Exercise aim ::
Only the lines from the start of the entries through the line with "El reloj esta" should be returned, each exactly as it stands, and no pictures.

Records ::
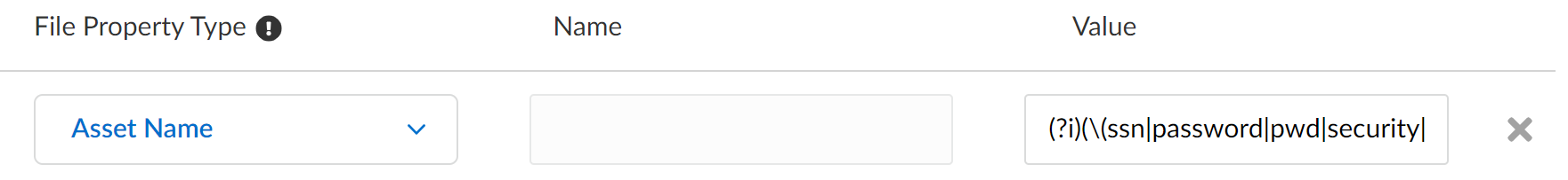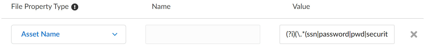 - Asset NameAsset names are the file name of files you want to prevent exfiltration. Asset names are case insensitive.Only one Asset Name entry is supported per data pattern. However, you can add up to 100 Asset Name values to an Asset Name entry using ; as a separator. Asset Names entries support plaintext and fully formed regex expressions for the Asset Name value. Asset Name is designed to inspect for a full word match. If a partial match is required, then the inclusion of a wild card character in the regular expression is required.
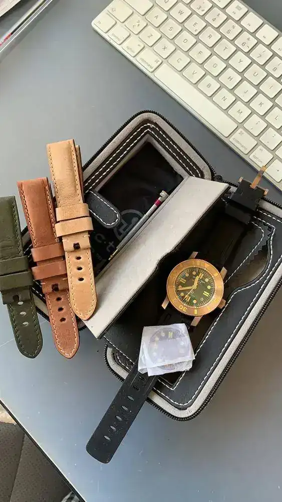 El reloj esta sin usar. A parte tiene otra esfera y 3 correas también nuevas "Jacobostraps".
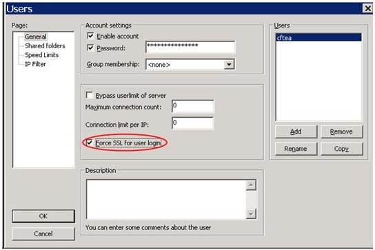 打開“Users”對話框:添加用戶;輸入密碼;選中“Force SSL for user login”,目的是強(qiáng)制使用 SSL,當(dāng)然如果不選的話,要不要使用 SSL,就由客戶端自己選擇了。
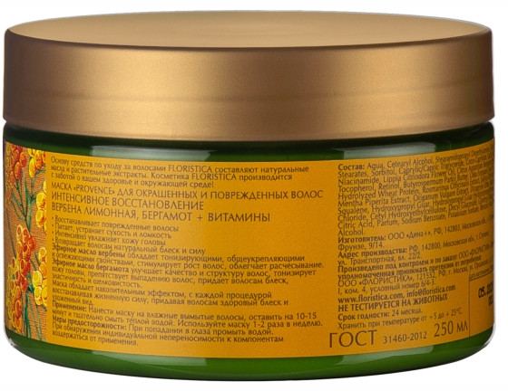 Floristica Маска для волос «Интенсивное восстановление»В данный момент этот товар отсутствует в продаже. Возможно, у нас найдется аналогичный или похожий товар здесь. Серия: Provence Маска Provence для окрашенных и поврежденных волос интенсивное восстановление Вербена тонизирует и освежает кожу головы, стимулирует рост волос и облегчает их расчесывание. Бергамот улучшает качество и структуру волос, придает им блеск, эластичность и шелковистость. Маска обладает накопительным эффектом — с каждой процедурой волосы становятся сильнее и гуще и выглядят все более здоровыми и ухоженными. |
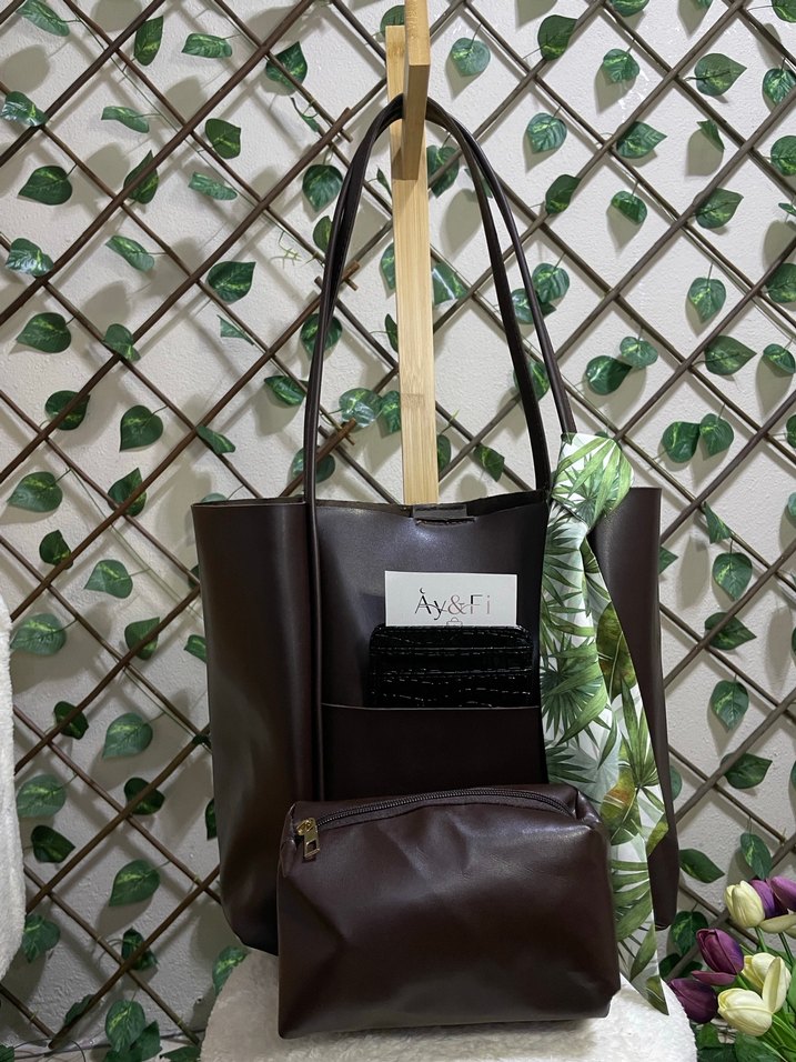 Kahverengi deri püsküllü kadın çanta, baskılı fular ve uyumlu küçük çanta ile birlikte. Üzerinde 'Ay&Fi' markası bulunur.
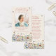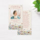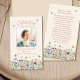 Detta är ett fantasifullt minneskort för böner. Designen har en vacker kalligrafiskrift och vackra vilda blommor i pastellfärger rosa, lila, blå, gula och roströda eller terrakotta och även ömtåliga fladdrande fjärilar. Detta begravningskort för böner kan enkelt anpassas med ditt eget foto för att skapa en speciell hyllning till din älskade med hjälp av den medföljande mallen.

Reply to the exercise ::
 - Asset NameAsset names are the file name of files you want to prevent exfiltration. Asset names are case insensitive.Only one Asset Name entry is supported per data pattern. However, you can add up to 100 Asset Name values to an Asset Name entry using ; as a separator. Asset Names entries support plaintext and fully formed regex expressions for the Asset Name value. Asset Name is designed to inspect for a full word match. If a partial match is required, then the inclusion of a wild card character in the regular expression is required.
 El reloj esta sin usar. A parte tiene otra esfera y 3 correas también nuevas "Jacobostraps".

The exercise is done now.